Acts 25

Eyalete vardıktan üç gün sonra Festus, Sezariye’den Yeruşalim’e gitti.
قیصریہ پہنچنے کے تین دن بعد فیستس یروشلم چلا گیا۔
Başkâhinlerle Yahudiler’in ileri gelenleri, Pavlus’la ilgili şikâyetlerini ona açıkladılar. Festus’tan kendilerine bir iyilikte bulunmasını isteyerek Pavlus’u Yeruşalim’e getirtmesi için yalvardılar. Bu arada pusu kurup Pavlus’u yolda öldüreceklerdi.
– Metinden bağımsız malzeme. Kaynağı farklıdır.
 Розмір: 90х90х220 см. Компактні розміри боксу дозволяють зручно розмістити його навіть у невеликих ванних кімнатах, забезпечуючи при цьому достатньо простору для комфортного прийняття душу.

وہاں راہنما اماموں اور باقی یہودی راہنماؤں نے اُس کے سامنے پولس پر اپنے الزامات پیش کئے۔ اُنہوں نے بڑے زور سے
Başkâhinlerle Yahudiler’in ileri gelenleri, Pavlus’la ilgili şikâyetlerini ona açıkladılar. Festus’tan kendilerine bir iyilikte bulunmasını isteyerek Pavlus’u Yeruşalim’e getirtmesi için yalvardılar. Bu arada pusu kurup Pavlus’u yolda öldüreceklerdi.
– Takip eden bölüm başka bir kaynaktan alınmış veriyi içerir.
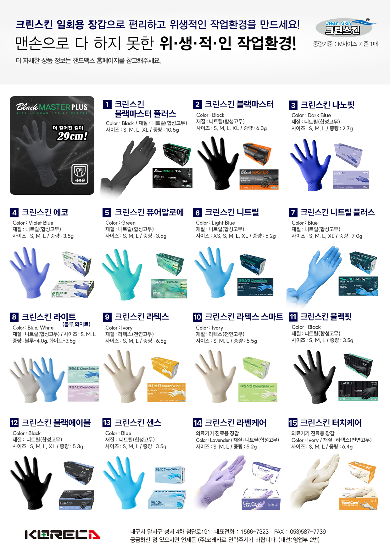 크린스킨의 일회용 장갑 14종 중에서

منت کی کہ وہ اُن کی رعایت کر کے پولس کو یروشلم منتقل کرے۔ وجہ یہ تھی کہ وہ گھات میں بیٹھ کر راستے میں پولس کو قتل کرنا چاہتے تھے۔
Festus ise Pavlus’un Sezariye’de tutuklu bulunduğunu, kendisinin de yakında oraya gideceğini söyleyerek, “Aranızda yetkili olanlar benimle gelsinler; bu adam yanlış bir şey yapmışsa, ona karşı suç duyurusunda bulunsunlar” dedi.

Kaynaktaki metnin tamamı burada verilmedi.